Well, this parameter specifies how much memory may be used for in-memory
sorting and hash tables. If more memory is needed, the sort / hash table
will be performed on-disk.

I guess the difference in speed is not huge, so in this case the hash
table (used for join) probably fits into the 1024kB (which is a default
value).

> Is it safe to set
>
> work_mem = 2097151
>
> in postgresql.conf file ?

Each sort in a query uses a separate area in a memory (up to work_mem).
So if you have 10 sessions running a query with 2 sorts, that may occupy

10 * 2 * work_mem

of memory. Let's suppose you set a reasonable value (say 8096) instead
of 2GB. That gives about 160MB.

Anyway this depends - if you have a lot of slow queries caused by
on-disk sorts / hash tables, use a higher value. Otherwise leave it as
it is.

>> First, demonstrate that it is all or mostly in memory -- use iostat or
>> other tools to ensure that there is not much disk activity during the
>> query. If your system doesn't have iostat installed, it should be
>> installed. It is a very useful tool.
>
> # iostat
> bash: iostat: command not found
> # locate iostat
> /usr/src/linux-2.6.16-gentoo-r9/Documentation/iostats.txt
>
> I have few experience in Linux.
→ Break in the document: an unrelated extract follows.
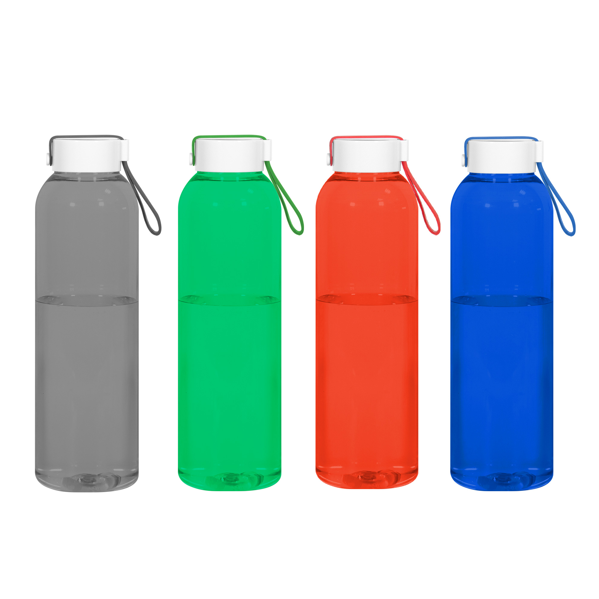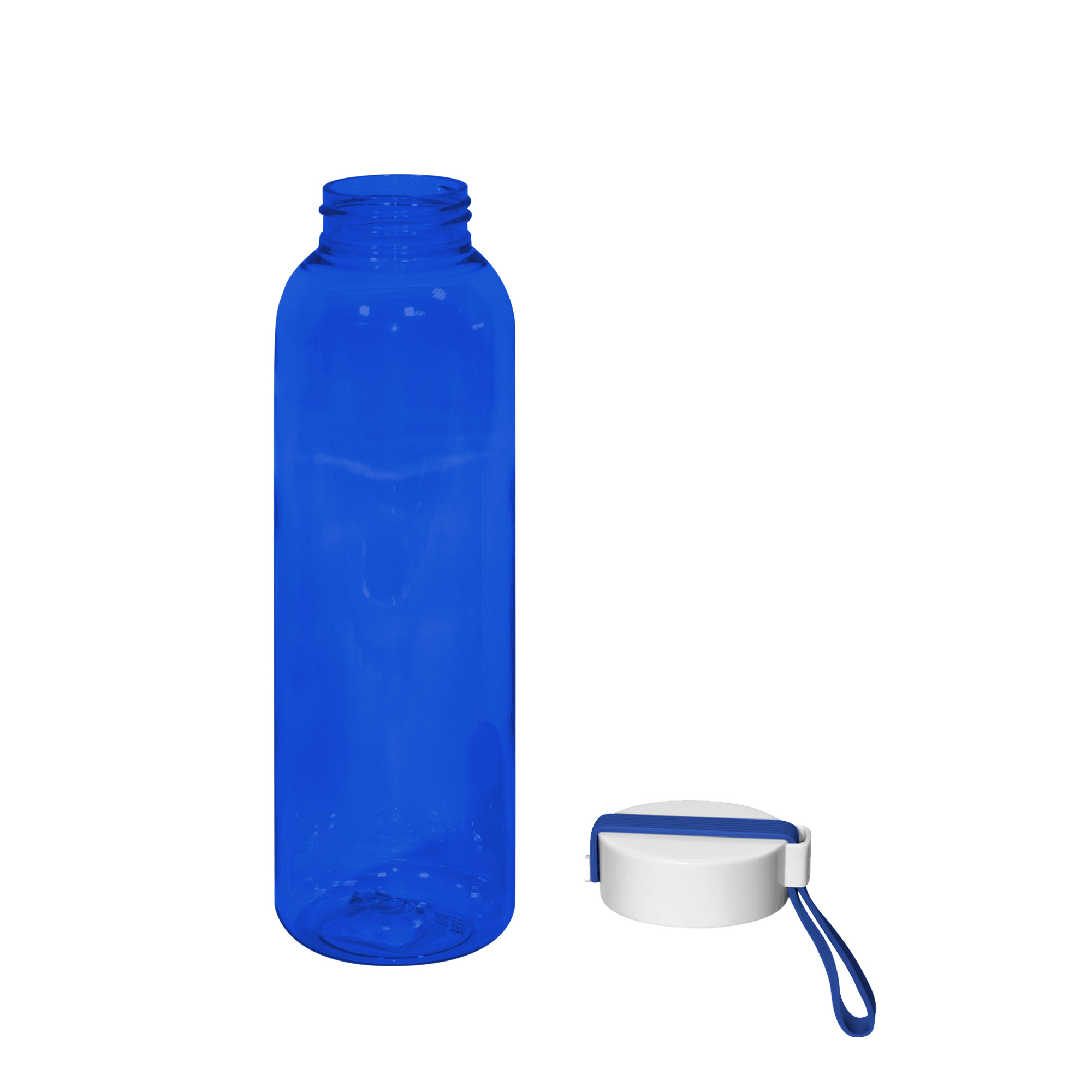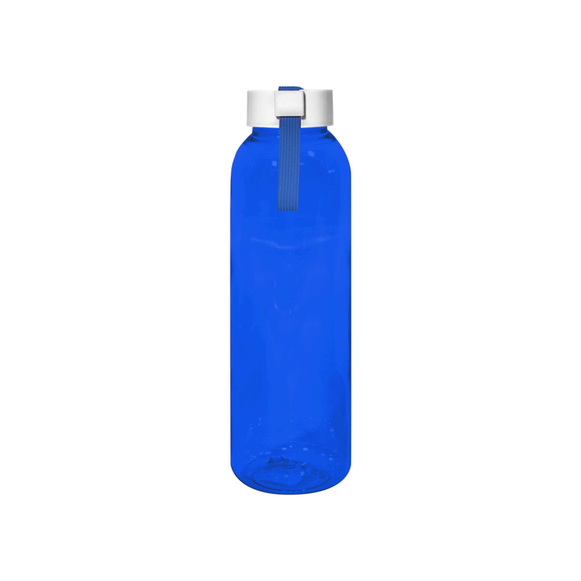 Botella de color translúcido con tapa a rosca plástica de color blanco con correa de silicona del mismo color de la botella.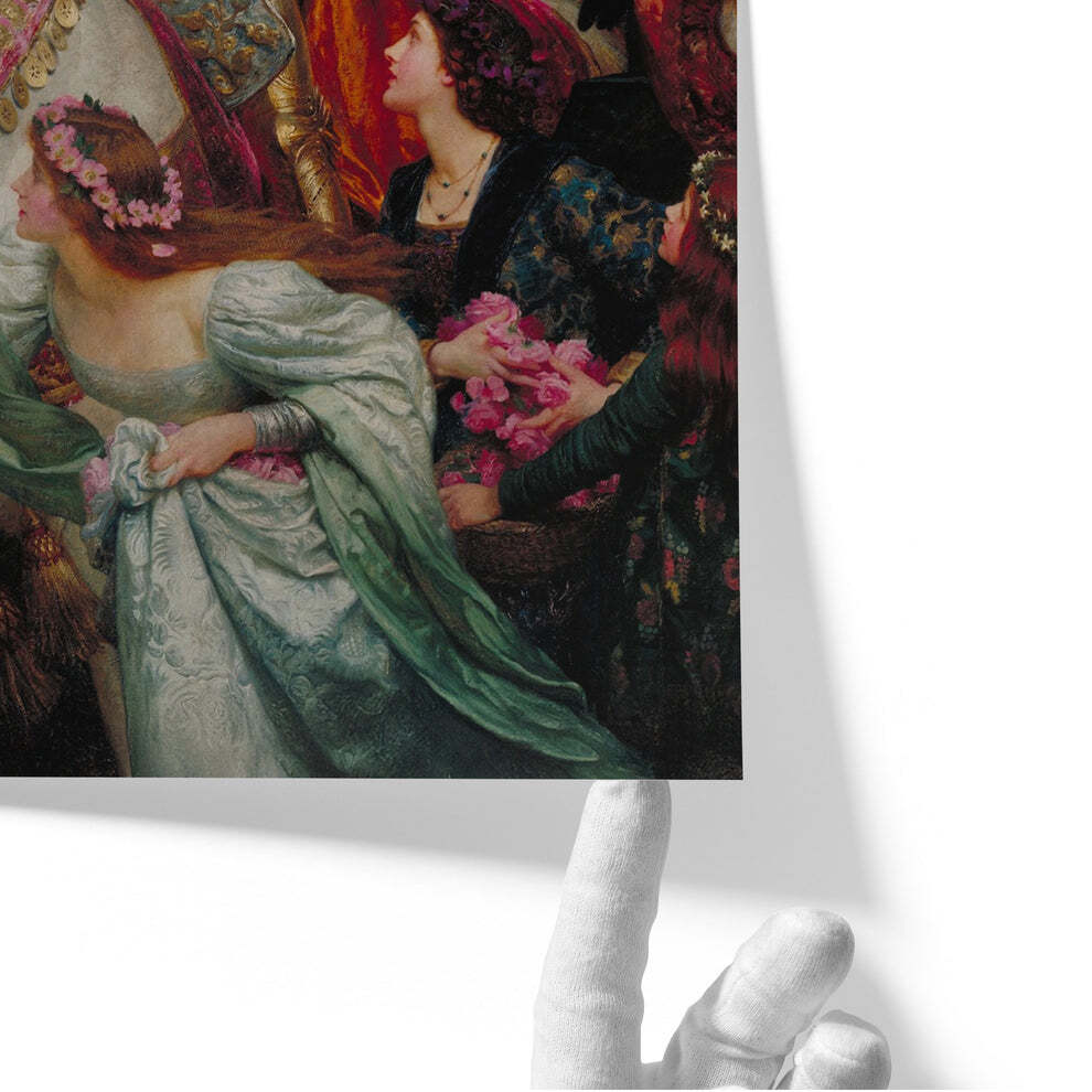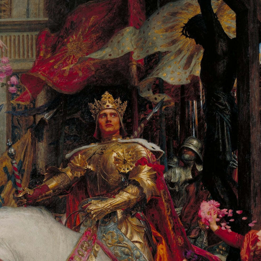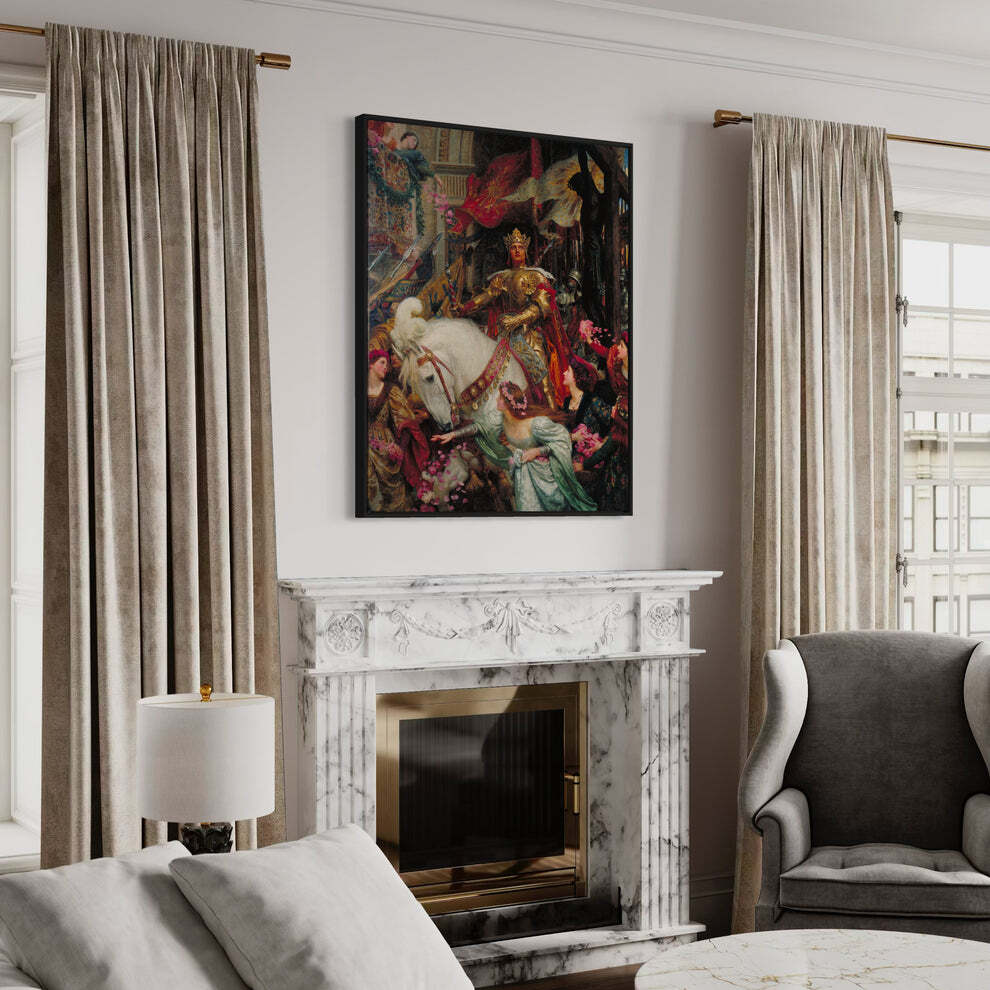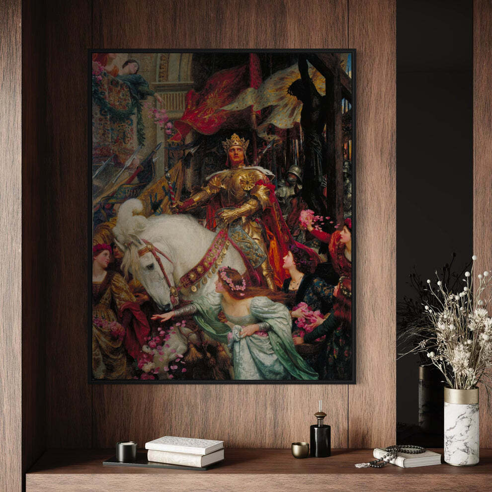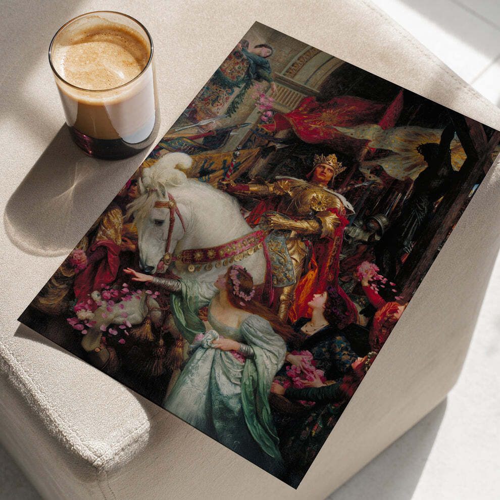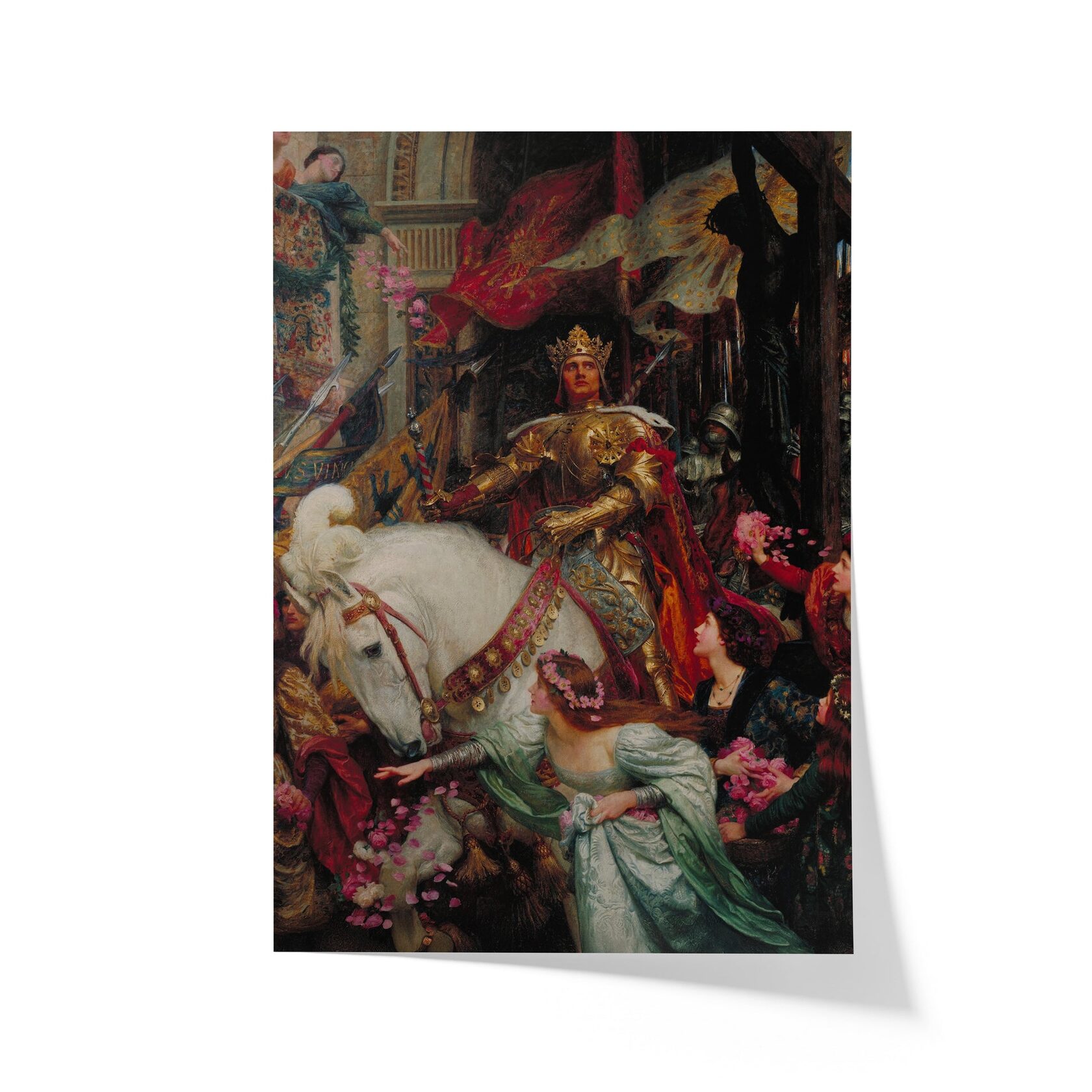 О работе: Эта картина изображает торжественного средневекового принца, возвращающегося домой на белом коне, украшенном тремя перьями — символом знатности. На нём золотая корона и роскошные доспехи, вокруг ликующая толпа, осыпающая его лепестками в честь победного возвращения.

No idea how to install or compile iostat in
> this system.
>
>> If it is all cached in memory, you may want to ensure that your
>> shared_buffers is a reasonalbe size so that there is less shuffling of
>> data
>> from the kernel to postgres and back. Generally, shared_buffers works
>> best
>> between 5% and 25% of system memory.
>
> currently shared_buffers = 15000

That's 120MB, i.e. about 6% of the memory. Might be a little bit higher,
but seems reasonable.

>> If it is completely CPU bound then the work done for the query has to be
>> reduced by altering the plan to a more optimal one or making the work it
>> has to do at each step easier. Most of the ideas in this thread revolve
>> around those things.
>
> When running on loaded server even after VACUUM FULL, response time for
> original work_mem is longer probably because it must fetch blocks from
> disk.
>
>> Based on the time it took to do the vacuum, I suspect your disk subsystem
>> is a bit slow. If it can be determined that there is much disk I/O in
>> your
>> use cases, there are generally several things that can be done to tune
>> Linux I/O. The main ones in my experience are the 'readahead' value for
>> each disk which helps sequential reads significantly, and trying out the
>> linux 'deadline' scheduler and comparing it to the more commonly used
>> 'cfq'
>> scheduler. If the system is configured with the anticipatory scheduler,
>> absolutely switch to cfq or deadline as the anticipatory scheduler will
>> perform horribly poorly for a database.
>
> This is 3 year old cheap server.
> No idea what to config.

Well, how could we know that if you don't?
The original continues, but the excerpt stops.